_Supplied material_
*** Block opens ***

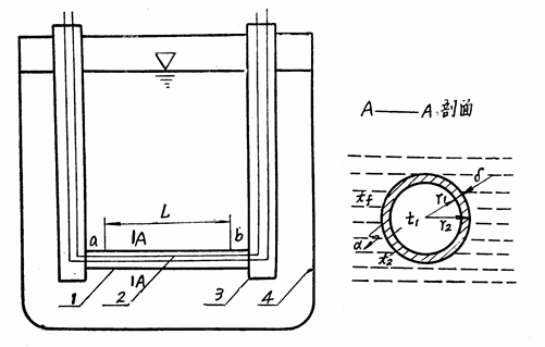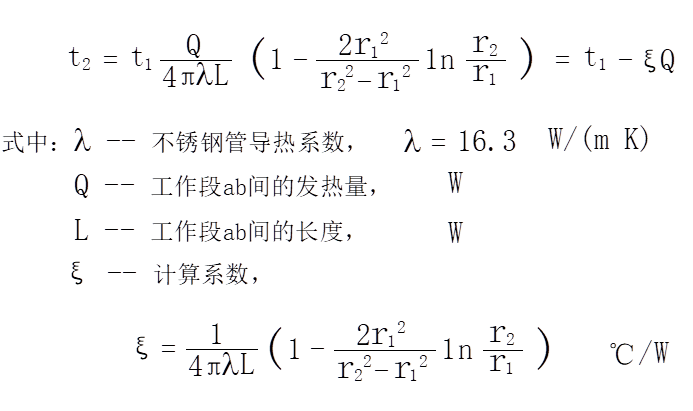 管子的發(fā)熱量電流過(guò)它的電流及其工作段的電壓降來(lái)確定。為排除試件端部的影響,在a、b兩點(diǎn)測(cè)量工作段的電壓降,以確定通過(guò)a、b之間表面的散熱量Q。試件外壁溫度t2,很難直接測(cè)定,對(duì)不銹鋼管試件,可利用插入管內(nèi)的銅——康銅熱電偶2測(cè)出管內(nèi)壁溫度t1,再通過(guò)計(jì)算求出t2。
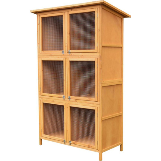 Vícepatrové králíkárny se střechou 116 × 60 × 180 cm nabízejí prostorné a přehledné ustájení pro králíky a drobné zvířata. Díky třem samostatným podlažím šetří místo a zároveň poskytují dostatek prostoru pro bezpečný chov v exteriéru.
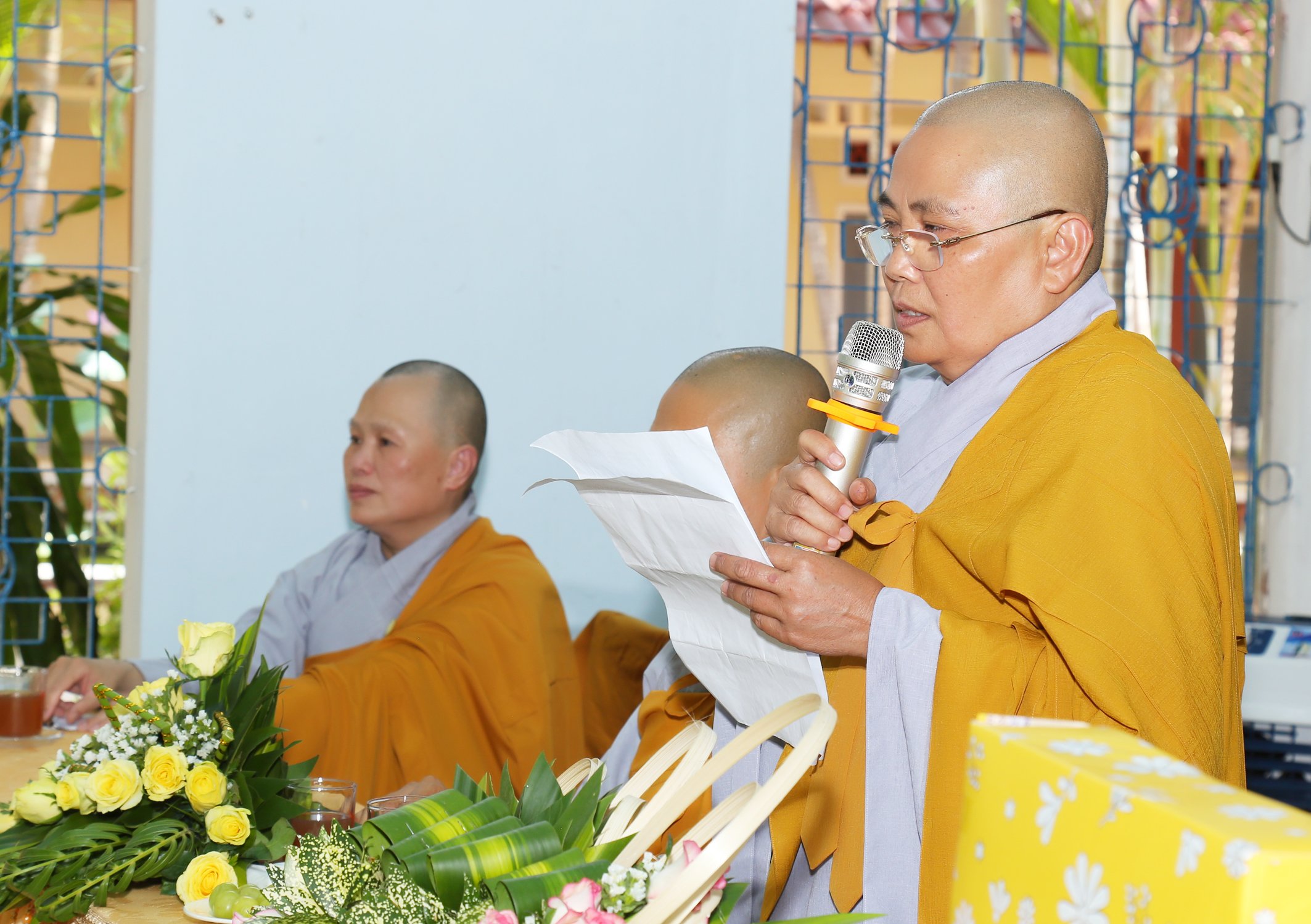 Tiếp theo, đại diện Ban Quản Chúng, Sc. Thích nữ Minh Đức báo cáo tình hình sinh hoạt cũng như số lượng học Ni nội trú hiện tại. Trong đó, trên có Ni trưởng Thiền chủ, 5 vị chức sự hạ trường và 98 Ni sinh nội trú của bản trường.

*** Block closes ***

_Task description_
All of the material is to be reproduced verbatim, pictures excluded.

_Task answer_
 管子的發(fā)熱量電流過(guò)它的電流及其工作段的電壓降來(lái)確定。為排除試件端部的影響,在a、b兩點(diǎn)測(cè)量工作段的電壓降,以確定通過(guò)a、b之間表面的散熱量Q。試件外壁溫度t2,很難直接測(cè)定,對(duì)不銹鋼管試件,可利用插入管內(nèi)的銅——康銅熱電偶2測(cè)出管內(nèi)壁溫度t1,再通過(guò)計(jì)算求出t2。
 Vícepatrové králíkárny se střechou 116 × 60 × 180 cm nabízejí prostorné a přehledné ustájení pro králíky a drobné zvířata. Díky třem samostatným podlažím šetří místo a zároveň poskytují dostatek prostoru pro bezpečný chov v exteriéru.
 Tiếp theo, đại diện Ban Quản Chúng, Sc. Thích nữ Minh Đức báo cáo tình hình sinh hoạt cũng như số lượng học Ni nội trú hiện tại. Trong đó, trên có Ni trưởng Thiền chủ, 5 vị chức sự hạ trường và 98 Ni sinh nội trú của bản trường.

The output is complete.